Tag Archives: Richard Bates Jr.

APOCRYPHA CANDIDATE: EXCISION (2012)

DIRECTED BY: Richard Bates Jr.

FEATURING: AnnaLynne McCord, Traci Lords, Roger Bart, Ariel Winter, Jeremy Sumpter

PLOT: Bored at school, frustrated by her home life, and tormented by nightmares that transform her dreams of becoming a surgeon into bloody tableaux, 18-year-old Pauline tries to solve her issues by herself, with unexpected consequences.

Still from Excision (2012)

WHY IT MIGHT MAKE THE LIST: Excision is a character study focusing on one very screwed-up young woman, but the film delicately walks the line between making her behavior fancifully quirky and disturbingly repellent. The distinctive point-of-view, excellent acting by the two leads, and an ending that earns its dropped jaws all make this one to remember.

COMMENTS: By now, the sullen teen girl with no f’s to give has become a trope unto itself. From Daria to Wednesday Addams to nearly every character ever played by Aubrey Plaza, the type combines a steadfast commitment to outsider status with just the hint of potential homicidal intent.

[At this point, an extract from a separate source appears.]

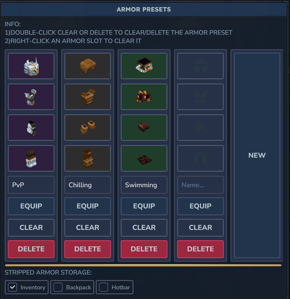 / ArmorPresets - Чтобы сохранить предустановку: В графическом интерфейсе нажмите на слот для брони в предустановке, выберите элемент из своего инвентаря и дайте предустановленному названию. Он будет сохранен автоматически.
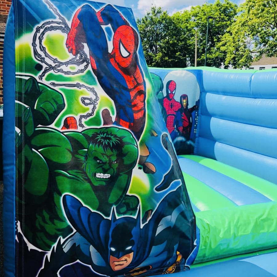 Added to our superhero range due to its low height of just 7ft high. There is no need to worry about indoor bookings where the chilling is low or hanging lights exist as we have yet to find a venue we cannot fit this low height superhero inflatable in!

There are a lot of reasons to think that Excision‘s Pauline walks down this same familiar road. She’s fearless when it comes to getting in the faces of those she deems inferior. She’s devoid of shame in asking for what she wants, such as when she walks up to a boy and tells him point-blank that she wants to lose her virginity to him. And she’s dripping with snark for nearly everyone. In that respect, it’s easy to want to be on her side, to wish that everyone would just let her be herself.

But then there are the dreams, which feature naked corpses, autopsies, extractions, and no shortage of blood. On their own, they’re baroque, but their influence starts to spill over into the waking world, such as when Pauline takes it upon herself to pierce her own nose, ask a teacher if she can get an STD from copulating with the dead, or perform her own exploratory surgery on a wounded bird. As much as you want to root for the underdog, it’s not hard to see why everyone else in the film is put off by her attitude. She’s definitely creepy.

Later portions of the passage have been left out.